A scientists claims that he found a drug that in a short time cures depression with a probability of $70\%$. It was tested over a sample of $100$ people and $80$ of them were cured.
How can we determine whether the scientist afirmation is correct?
First for the null-hypothesis we can set $H_0: p=\frac{7}{10}$ and for the alternative-hypothesis $H_1: p<\frac7{10}$ so this is an one-tailed situation.

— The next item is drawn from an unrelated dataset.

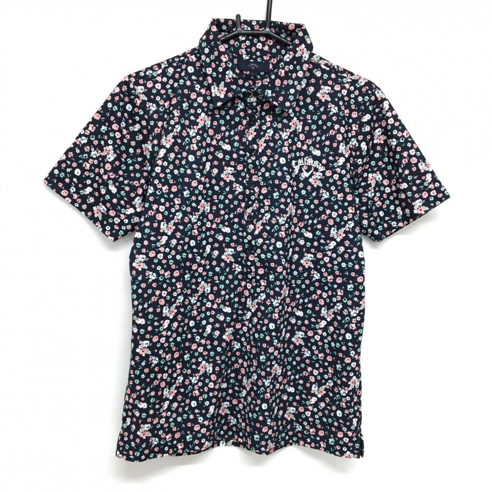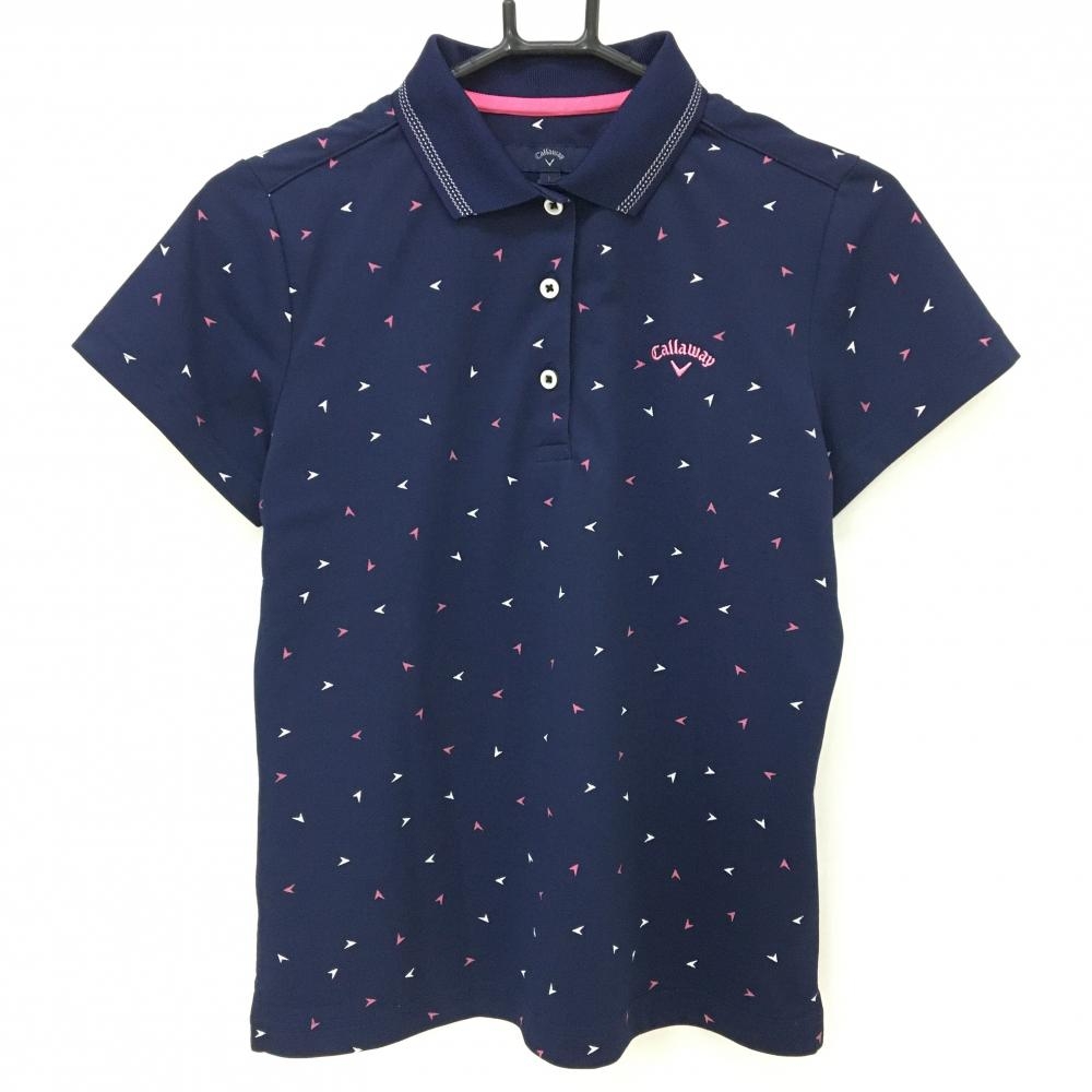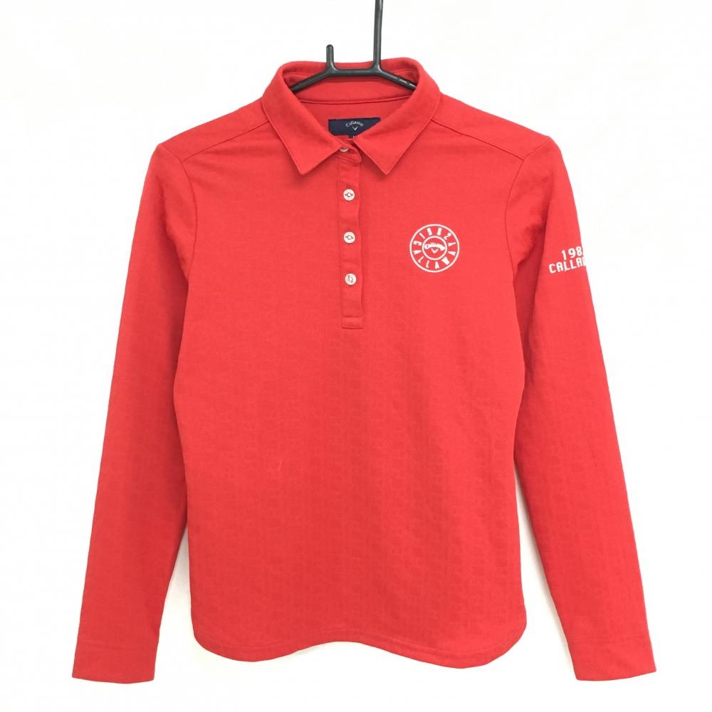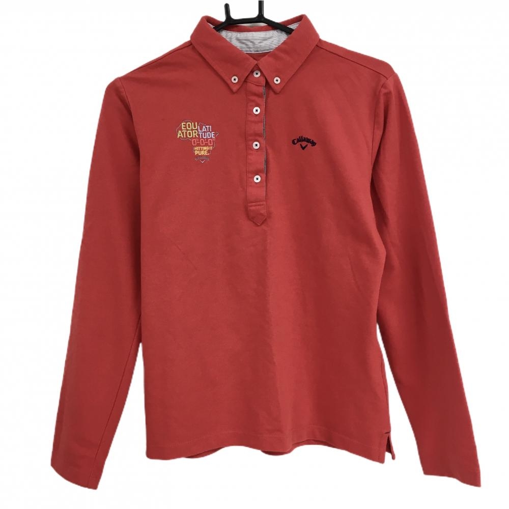 キャロウェイ 長袖ポロシャツ ピンク ロゴ白 前立て内側総柄 レディース L ゴルフウェア Callaway
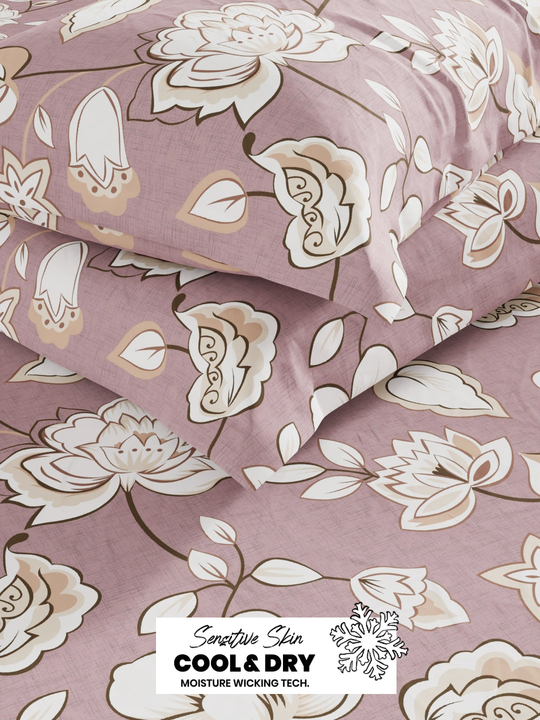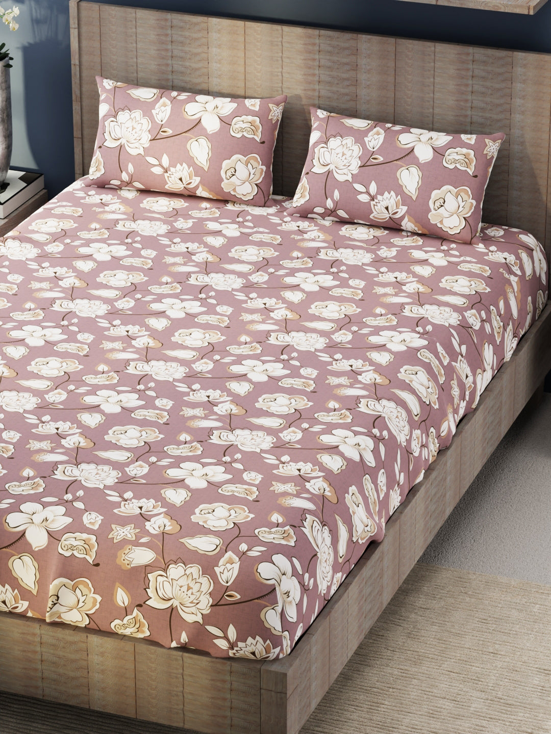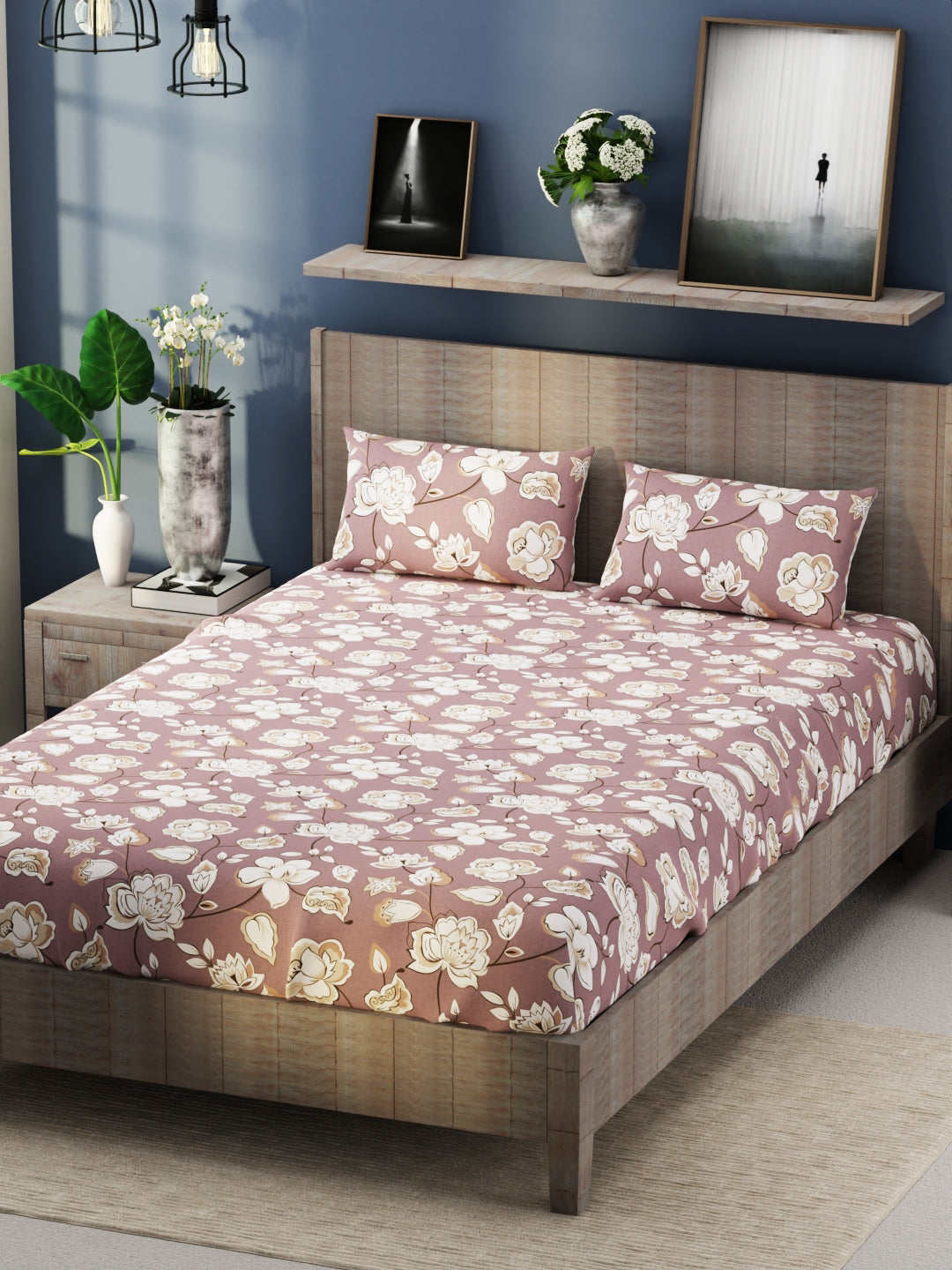 This bedsheet is treated with a brushed-peach finish for a softer feel. The fabric is heavy duty and features zero color fading. The modern print enhances the beauty of your bedroom interiors. This set also comes with two matching pillow covers. It is easily machine washable, hence making its handling simple.

I've been given a hint to use the z-score as: $$z=\frac{x-np}{\sqrt{np(1-p)}}$$ Where $x$ denotes the number of favourable results and $n$ is the sample's volume. $$z=\frac{80-100\cdot \frac{7}{10}}{\sqrt{100\cdot \frac{7}{10}\cdot \frac{3}{10}}}=\frac{10}{\sqrt{21}}=2.182$$ But I don't quite understand why to use exactly this z-score, also what can be concluded if $z=2.182$?
Comment: Perhaps this is a trick question or perhaps it your incorrect version of what is being asked.
If drug is claimed to be 70% effective in the population, and you want to know whether it meets or exceeds this claim of effectiveness, then $H_0: p \ge 0.7,$ which some authors would write as $H_0: p = 0.7.$ The alternative would be $H_a: p < 0.7.$
The null distribution is that the number X cured out of $n = 100$ randomly selected depressed subjects would be $X \sim \mathsf{Binom}(n = 100, p=.7).$
If you observe only $X = 67,$ you might wonder if that is sufficiently far below the mean 80 to show that the drug does not meet expectations. The probability $P(X\le 65 \,|\, p=.7)= 0.1629$ is the P-value of the test.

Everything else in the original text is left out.